Com o tema “Nutrindo Conexões”, o encontro foi voltado para enfermeiros, agentes comunitários de Saúde e outros profissionais da Rede de Atenção à Saúde. O evento foi realizado pela Secretaria de Saúde, por meio do Programa Saúde do Homem e do Programa Saúde da Mulher, com apoio do Núcleo de Educação Permanente em Saúde (Neps).
Entre os profissionais presentes, estiveram a pediatra e neonatologista do Hospital Municipal da Mulher Maria Rosalice Oliveira de Almeida; a coordenadora da Área Técnica de Incentivo ao Aleitamento Materno, da Secretaria de Estado de Saúde (SES – RJ), a médica pediatra Conceição Salomão; a enfermeira Wilsileia Dias Lopes; a coordenadora do Programa Saúde da Mulher, Camila Mello; e o coordenador do Programa Saúde do Homem, Thiago Porto, entre outros gestores.
O objetivo foi levar os participantes a uma reflexão sobre a importância de uma rede de cuidado acolhedora, humanizada e baseada em evidências científicas, que valorize não apenas a mãe, mas também a figura que está no papel do pai, ou do parceiro(a), além dos familiares e de toda a rede de apoio no sucesso da amamentação.
Ao longo do seminário, foram abordados assuntos como a promoção, proteção e apoio ao aleitamento materno; o papel do pai, parceiro(a) e da rede de apoio na amamentação; as práticas humanizadas de cuidado à mãe e ao bebê; as estratégias para fortalecimento dos vínculos familiares; e a integração entre os serviços e profissionais da Rede de Atenção à Saúde.
A pediatra Maria Rosalice Oliveira de Almeida destacou o trabalho realizado pela Rede de Atenção à Saúde, para assegurar que a amamentação propicie um começo de vida sustentável para a criança.
“O Hospital da Mulher faz um trabalho muito bonito com aleitamento desde a primeira hora de nascimento, desde a sala de parto” comenta a médica.
O coordenador de Saúde do Homem, Thiago Porto, destacou a importância da paternidade no contexto de humanização e acolhimento.

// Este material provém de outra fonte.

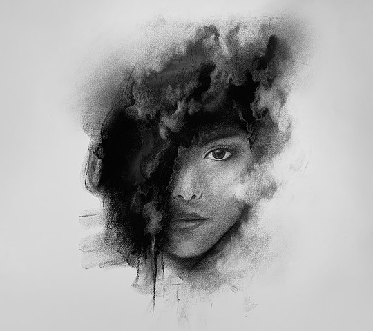 #ble #charcoal #drawing #face #figure #meditation #nirvana #portrait #sketch #blebis #impressionism

“O envolvimento do pai ou parceiro é um importante fator de proteção ao aleitamento materno. Quando informado, acolhido e incentivado a participar dos cuidados com o bebê e do apoio à mulher, ele contribui para o fortalecimento dos vínculos familiares, para a segurança materna e para a continuidade da amamentação”, esclarece.
Para a secretária-adjunta de Vigilância em Saúde e Atenção Básica, Sandra Rabelo, o seminário contribuiu para trazer mais informações sobre uma prática que fortalece vínculos e transforma vidas.
“Foi um momento de atualização e troca de experiências para fortalecer o cuidado integral às famílias, reconhecendo que o sucesso da amamentação é construído por conexões, acolhimento e corresponsabilidade”, ressaltou.
O Agosto Dourado é um movimento de conscientização e valorização do aleitamento materno, reconhecendo a amamentação como um direito da criança, da mulher e de toda a família. Mais do que um ato de nutrição, amamentar fortalece vínculos, promove saúde e contribui para o desenvolvimento físico e emocional do bebê.